[pics] SD10 vs. 20d sample

Started Feb 21, 2005 | Discussions thread
PaulyOly Veteran Member • Posts: 7,723
No need to argue which is correct.......

Helge Hafting wrote:

Peter G wrote:

PaulyOly wrote:

processing settings. Something I find strange is the difference in
the white sheet, the strands or texture looks larger in the sigma
shot, is this from upsampling?

No it is from Aliasing. Lack of an AA filter. It is the same
phenomena that produces 5 lines from 9 on the res chart in the

Correct, but I wouldn't call it "lacking" for not having an AA
filter. Bayer cameras don't have AA filters to blur out details,
they have the AA filter for avoiding unsightly color aliasing. You
will always get something wrong when taking pictures of details too
small for the sensor. The "smudge it out" approach of an AA filter
is no more "correct" than the aliasing we get without.

but this test doesn't show an advantage of no AA filter judging by the sigma shot.

Either way, we get an image without the details the camera couldn't
capture, and then the interesting question is "what looks best".
For the cloth, the aliasing still looked like cloth and was
therefore a good thing. The AA-filtered image simply looks
unsharp. Of course one can find cases where blur look better than
aliasing too, but those are rare. Most users of AA cameras fight
the filter with unsharp masking.

As the details get smaller the actual ouput gets bigger.
This gives the impression that it is show more detail when in fact
it is obscuring the real detail and giving a bigger false pattern.

The false pattern is indeed false, but it does rarely obscure a
real pattern you cannot capture anyway. The false blurring of an AA
filter is often the bigger problem.

Sometimes people with a background in audio shows off formulas that
"prove" why an AA filter of a certain strength is a good thing - or
even necessary. But they work from a wrong assumption, the
assumption that any false signal is very bad. This assumption
holds for audio, where any false detail really kills the music. But
the assumption rarely holds for vision, except in a few
pathological cases where a chessboard pattern positioned "just so"
turns into a set of broad stripes.
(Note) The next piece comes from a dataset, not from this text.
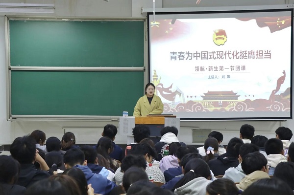 为全面学习贯彻习近平新时代中国特色社会主义思想,帮助2025级新生快速融入团组织、明确青春使命,数学与统计学院于10月28日晚在理工楼西阶201举行“领航·新生第一节团课”活动。本次团课由院团委副书记刘咪主持。

Patterns a bit less regular
(such as gravel, dirt and foliage) tends to alias into slightly
coarser but similar patterns that are much more pleasing to the eye
than the "mathematically correct" area of almost uniform color.
Areas of uniform color is particularly bad when sharpening is
applied later - you get a sharp line between the sky and the
distant forest, but at such sharpness the eye really expect some
approximation of distant trees and branches, instead of solid green.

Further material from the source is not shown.